Sedangkan pengusaha Chairul Tanjung menekankan, “Kalau saya jadi Pak Cip, saya akan mendedikasikan hidup untuk enterpreneur dan kewirausahaan,. "Sedangkan jika saya jadi Pak Dahlan, ingin mencari kebahagiaan lain dengan membahagiakan banyak orang."
Melihat mimpi tiga pengusaha ini, membuat diri geleng-geleng kepala. Geleng-geleng kepala, karena sudah menjadi orang ‘berhasil’ seperti ini masih punya mimpi. Bagaimana jika mereka benar-benar mewujudkan mimpi?
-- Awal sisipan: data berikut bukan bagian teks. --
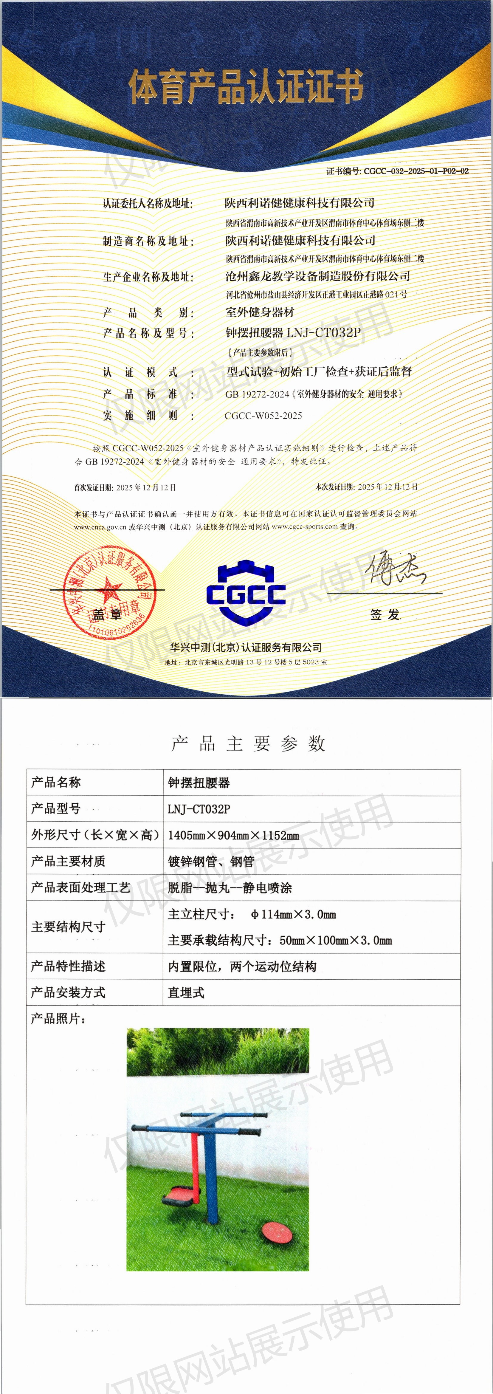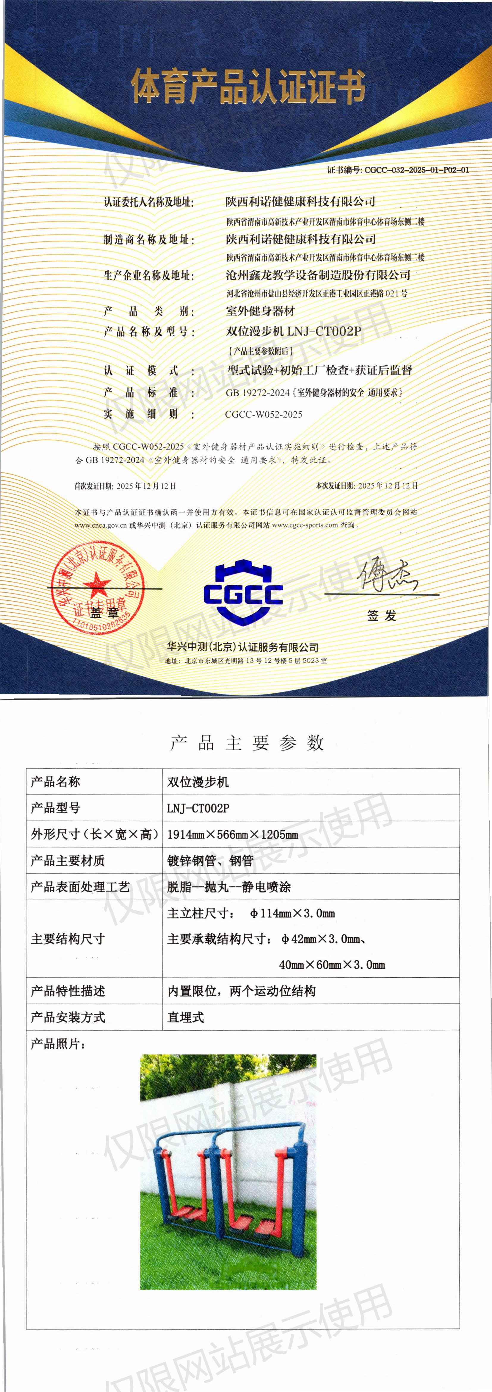 | 6 | 陕西利诺健健康科技有限公司 | CGCC-032-2025-01-P02-01 | 双位漫步机 | LNJ-CT002P | 河北省沧州市盐山县经济开发区正港工业园区正港路 021号 | GB 19272-2024 | 2025-12-12 | 有效 | 查看 |

Akan jadi apa lagi mereka?
Kita adalah orang normal, tidak cacat. Tapi barangkali kemampuan kita kalah dengan orang-orang cacat. Atau paling tidak, akan kalah dengan orang-orang cacat, bila kita tidak terus belajar.
Kita hanya orang biasa, bukan pengusaha. Sudah jelas jauh tertinggal dari mereka. Kita akan semakin jauh tertinggal, bila tidak memancangkan cita-cita dan mimpi sekarang juga.